Comme toujours chez Tarkovski, les citations artistiques sont en effet omniprésentes, que ce soit la peinture (avec un clin d’œil notamment aux paysages d’hiver de Brueghel l’Ancien, l’un de ses peintres favoris), la littérature (Pouchkine, Dostoïevski, mais aussi et surtout les sublimes textes de son père Arseni Tarkovski, lus par le poète lui-même et qui rythment le récit) ou la musique. Bach, Purcell et Pergolèse viennent ainsi compléter la bande originale envoûtante d’Edouard Artémiev (à qui l’on doit également la musique de Solaris et de Stalker).

Capter le mystère

Entouré des siens - on y aperçoit même sa femme Larissa Tarkovskaïa, dans le seul rôle à l’écran de celle qui fut souvent son assistance-réalisatrice -, Tarkovski signe un film éminemment personnel mais qui, pourtant, résonne au plus profond de chacun d’entre nous.

Car ce n’est pas tant l’histoire qui compte chez Tarkovski que la dimension poétique du film, marqué par ses thèmes récurrents (l’enfance, l’eau, la datcha à la campagne…) et par l’incroyable puissance évocatrice des images que compose le cinéaste, proposant au spectateur une véritable expérience sensorielle. Ce que cherche Tarkovski, c’est en effet à nous donner accès au mystère (que ce soit de la foi, du hasard, de l’amour, de la nostalgie), mais sans jamais proposer de clés de compréhension immédiate.

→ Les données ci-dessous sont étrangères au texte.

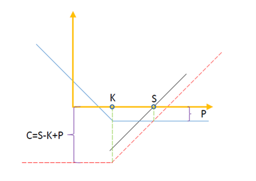 实际定价的过程仍是C=P+S-X折现。如下图所示,S+P合成得到的C的定价中仍然包含了X(也就是图中的K)。

Pour trouver la parfaite alchimie, Tarkovski a remonté son film dix-neuf fois, à la recherche du rythme parfait, de la durée, de la cadence. Il refusait en effet d’appréhender son œuvre en simple cinéaste, se concevant comme un véritable artiste. "Je cherche la dimension poétique du cinéma, celle qui lui est propre, car il existe une part de la vie, de l’univers qui n’a pas encore été comprise par d’autres formes d’art, d’autres genres. Ce que réussit le cinéma, la musique et d’autres arts en sont incapables", explique-t-il par exemple dans A Cinema Prayer, le magnifique documentaire que lui consacrait son fils en 2019.

Le Miroir / Zerkalo Poème cinématographique De Andreï Tarkovski Scénario Andreï Tarkovski & Alexandre Micharine Photographie Georgi Rerberg Musique Edouard Artémiev Montage Edouard Artémiev Avec Margarita Terekhova, Filipp Yankovskiy, Ignat Daniltsev… Durée 1h47

© DR

En premium VOD: Tarkovski par Tarkovski

En complément de la ressortie du Miroir, Lumière propose de découvrir en Premium VOD Andrey Tarkovsky. A Cinema Prayer, magnifique introduction au cinéma de Tarkovski signée par son propre fils, l’année dernière. Fidèle à son père, Andreï A.Tarkovski tourne ici le dos à une narration classique. Pas question donc d’un documentaire biographique traditionnel. Sans interview de spécialistes, sans aucun commentaire en voix off - sinon de passionnantes interviews du cinéaste lui-même -, ce film envoûtant nous plonge au cœur même du processus créatif du réalisateur russe. Grâce à un savant montage des images des films de Tarkovski, mais aussi d’archives (sur les tournages de ses films, dans la datcha familiale…), A Cinema Prayer revient, de manière chronologique, sur l’une des plus grandes filmographies du XXe siècle : sept films seulement, mais quasiment autant de chefs-d’œuvre. Et qui mieux que Tarkovski lui-même pour décrypter le mystère de son cinéma, ses influences artistiques ? Mais aussi pour évoquer ses souvenirs personnels, sa foi, ses relations compliquées avec les autorités soviétiques, son exil à l’Ouest (où il tourna ses deux derniers films, Nostalghia et Le Sacrifice), son amour de la Russie, ses craintes écologiques et la mort, qui rôde dans tout son cinéma et qui l’emportera d’un cancer du poumon en 1986. Tarkovski n’avait que 54 ans… H.H.

Disponible en Premium VOD (8€) sur Ciné chez vous, UniversCiné, Proximus et Telenet.